# Flicker Light Circuit... eventually stops flickering?



## Hellvin (Jul 6, 2008)

Hi All,

I followed a simple flicker light wiring for two lights that I assembled on my opposing gateway columns. I used the "Garage of Evil" example as my go-by (although I upgraded the wiring to 14 ga. house wire) and it works great...

http://www.garageofevil.com/projects/gaslight_flicker_circuit.php

Only thing is - after about 10 minutes of operation, the flickering gradually peters out and produces only a "steady-state" light (i.e. no more flicker )
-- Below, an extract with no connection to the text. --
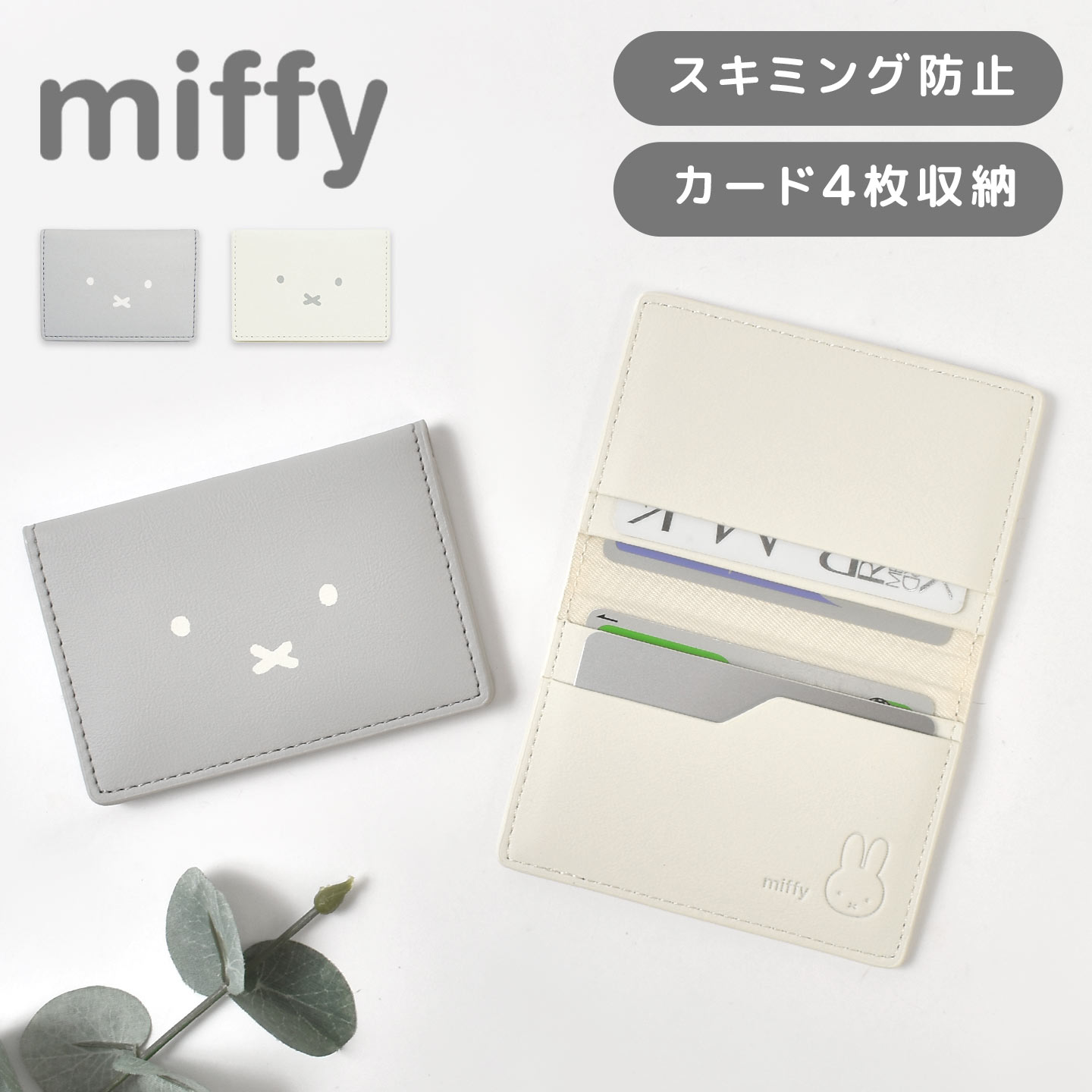 miffy ミッフィー カードケース フェイスシリーズ EB483 二つ折り スキミング 防止 キャラクター シンプル おしゃれ 薄型 スリム コンパクト 4枚 磁気 電波 遮断 個人情報 保護 パスケース 定期入れ レディース 大人 女性 通勤 通学 うさぎ 雑貨 アイボリー グレー

Any thoughts as to what may cause this? I am using TranSylvania FS-5 ballast units.

Thanks in advance
KLF


----------



## Otaku (Dec 3, 2004)

What wattage are the bulbs? If you exceed ~40W total, you'll fry the starters, which is what happened here. Also, try using the FS-2 starters - I've had much better longevity using those.


----------



## Hellvin (Jul 6, 2008)

That worked great - I used 60W instead of 100W (which were too bright anyway). I also used yellow tinted bulbs so it gives a really cool illumination effect. I looked for 40W but the lowest they was 60W. I'll keep my eye open for lower Wattage in the future.

Thanks


----------



## fritz42_male (May 5, 2009)

Be better off using a flicker tealight hooked to an SSR. Tons of wattage in that circuit.


----------